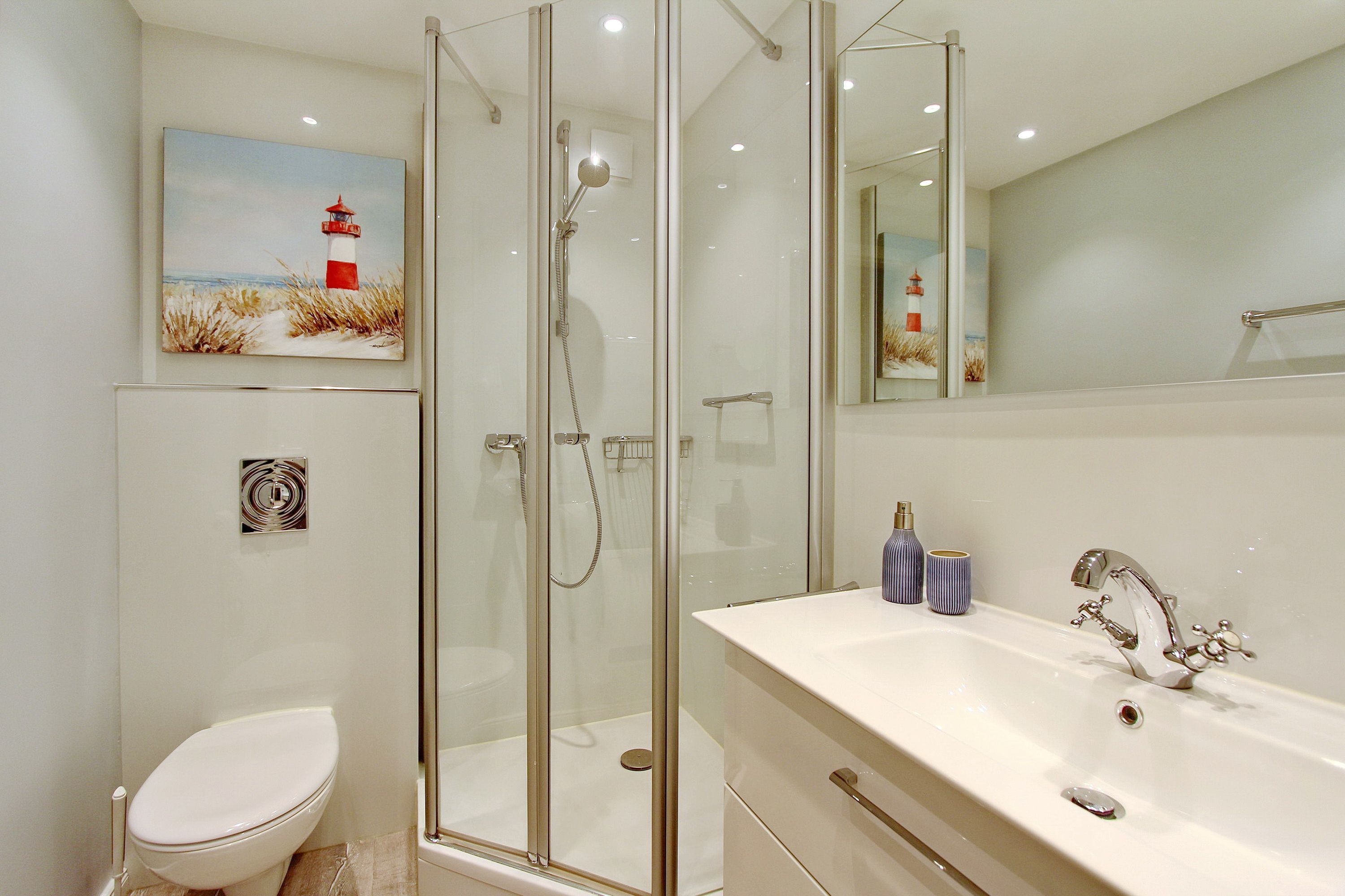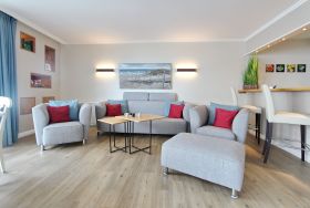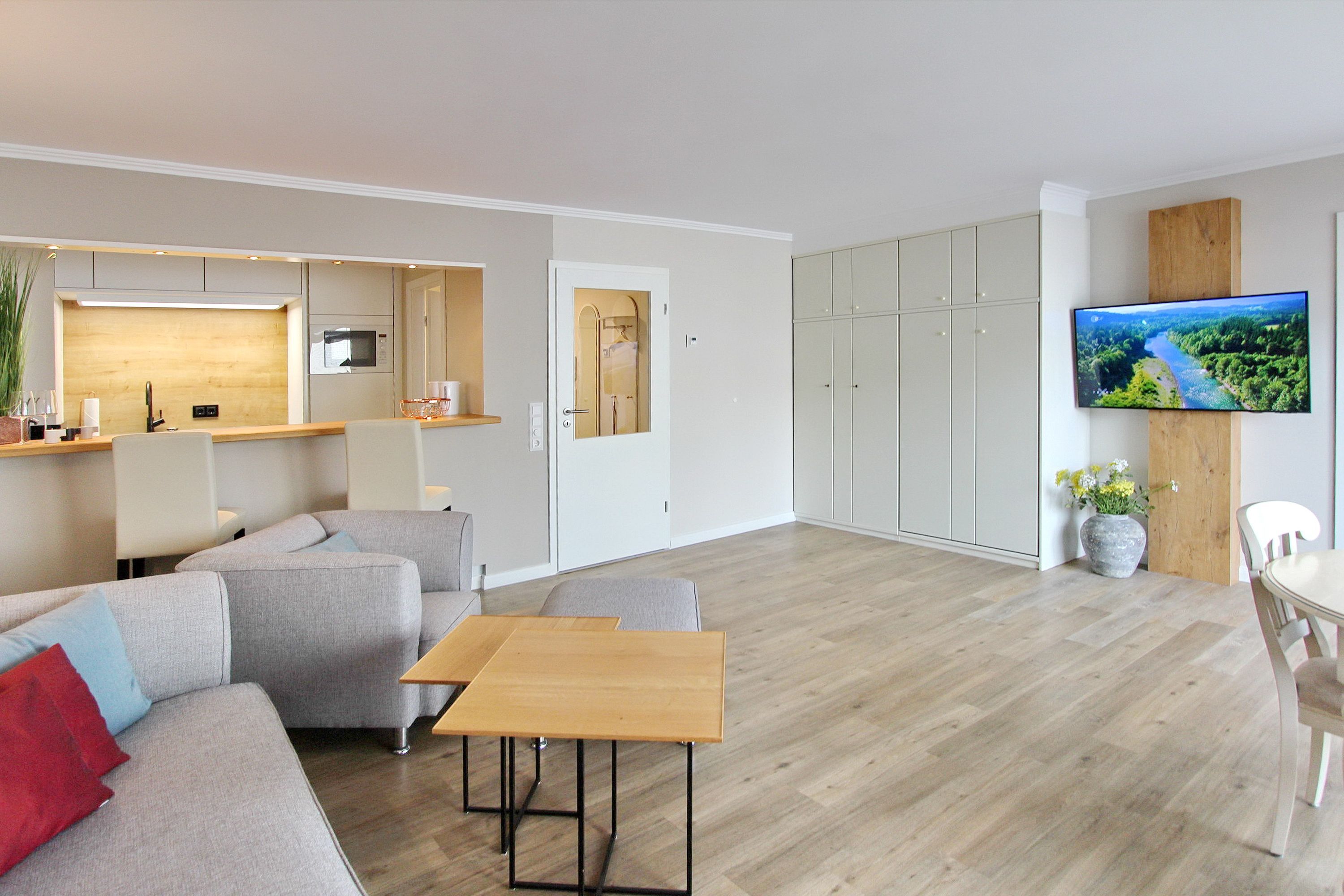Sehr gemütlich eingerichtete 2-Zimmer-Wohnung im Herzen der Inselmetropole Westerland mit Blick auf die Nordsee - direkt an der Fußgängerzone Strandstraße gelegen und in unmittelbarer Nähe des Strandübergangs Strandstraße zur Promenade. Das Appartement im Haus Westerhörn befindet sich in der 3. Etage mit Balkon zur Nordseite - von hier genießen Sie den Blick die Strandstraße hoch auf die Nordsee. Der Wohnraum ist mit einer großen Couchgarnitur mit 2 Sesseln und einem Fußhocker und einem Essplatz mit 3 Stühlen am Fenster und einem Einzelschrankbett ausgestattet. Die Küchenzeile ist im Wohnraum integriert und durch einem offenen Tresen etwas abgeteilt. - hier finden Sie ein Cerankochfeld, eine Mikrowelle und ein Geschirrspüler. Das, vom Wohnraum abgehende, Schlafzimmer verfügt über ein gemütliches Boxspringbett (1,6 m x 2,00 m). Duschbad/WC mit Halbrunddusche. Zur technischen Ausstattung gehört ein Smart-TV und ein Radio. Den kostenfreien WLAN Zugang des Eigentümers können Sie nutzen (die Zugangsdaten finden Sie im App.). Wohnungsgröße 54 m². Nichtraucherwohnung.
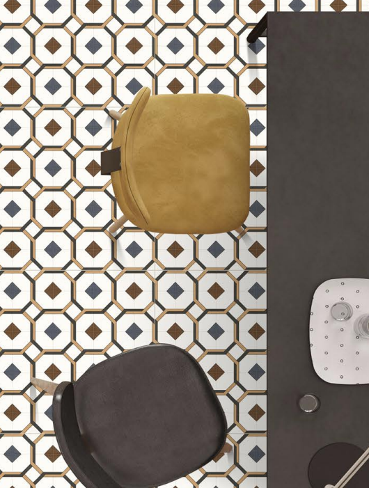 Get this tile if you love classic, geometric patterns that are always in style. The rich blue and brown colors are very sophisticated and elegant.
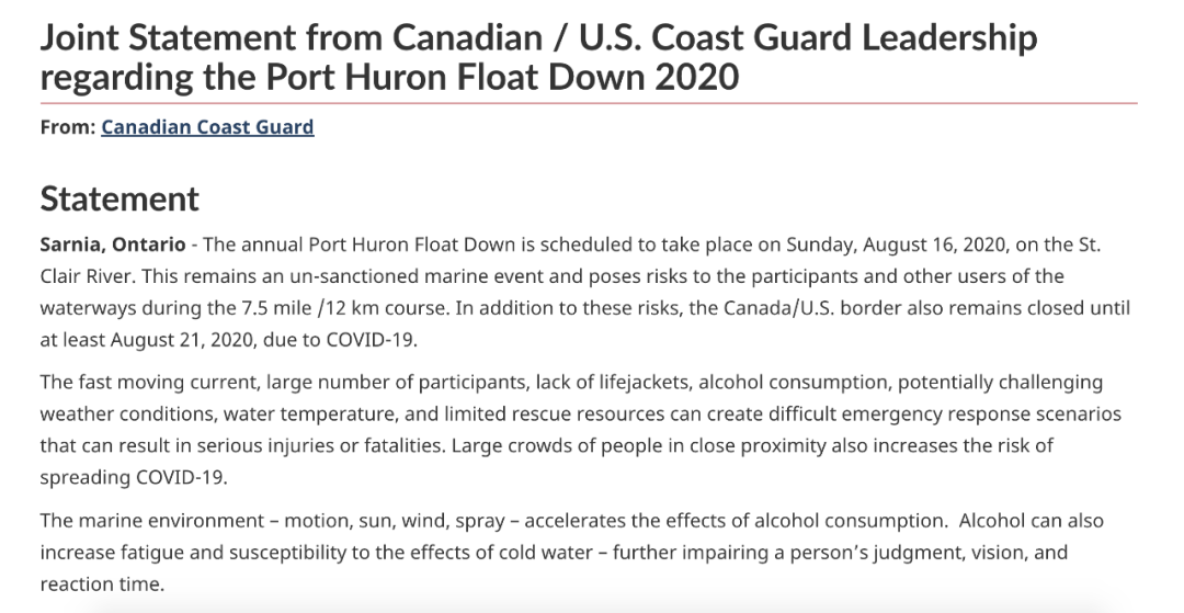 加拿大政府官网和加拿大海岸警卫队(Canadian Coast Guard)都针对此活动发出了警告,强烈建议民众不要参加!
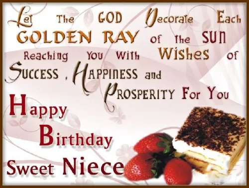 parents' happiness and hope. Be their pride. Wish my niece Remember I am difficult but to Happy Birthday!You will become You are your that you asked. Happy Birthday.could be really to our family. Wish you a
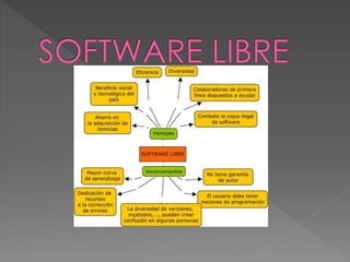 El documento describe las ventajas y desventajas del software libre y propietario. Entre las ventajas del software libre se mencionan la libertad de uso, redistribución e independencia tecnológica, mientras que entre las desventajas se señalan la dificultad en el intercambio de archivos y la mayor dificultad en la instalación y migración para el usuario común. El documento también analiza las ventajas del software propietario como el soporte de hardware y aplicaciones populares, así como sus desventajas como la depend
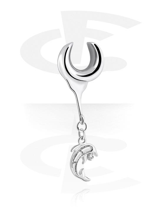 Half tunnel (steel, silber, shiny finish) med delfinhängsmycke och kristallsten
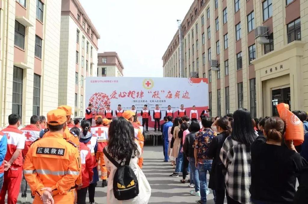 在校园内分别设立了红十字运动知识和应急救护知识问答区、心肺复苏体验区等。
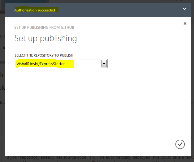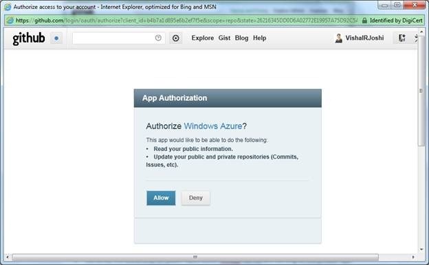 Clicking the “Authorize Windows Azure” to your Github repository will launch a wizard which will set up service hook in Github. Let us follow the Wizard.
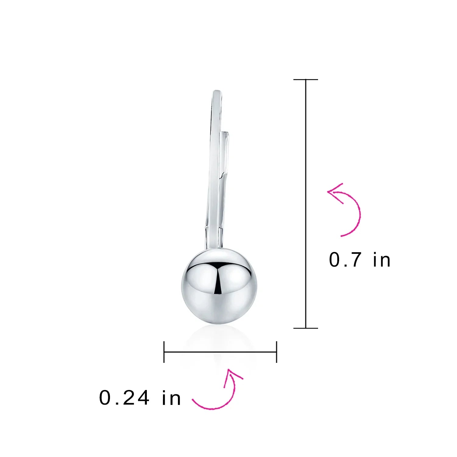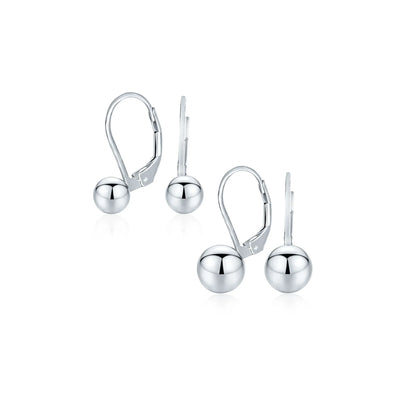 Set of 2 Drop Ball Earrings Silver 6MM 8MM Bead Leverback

EXERCISE DIRECTIONS: In the entries above, find the line containing "Get this tile" and the line containing "parents' happiness and"; give again exactly those two lines and every line between them, minus the pictures.

RESPONSE TO THE EXERCISE:
 Get this tile if you love classic, geometric patterns that are always in style. The rich blue and brown colors are very sophisticated and elegant.
 加拿大政府官网和加拿大海岸警卫队(Canadian Coast Guard)都针对此活动发出了警告,强烈建议民众不要参加!
 parents' happiness and hope. Be their pride. Wish my niece Remember I am difficult but to Happy Birthday!You will become You are your that you asked. Happy Birthday.could be really to our family. Wish you a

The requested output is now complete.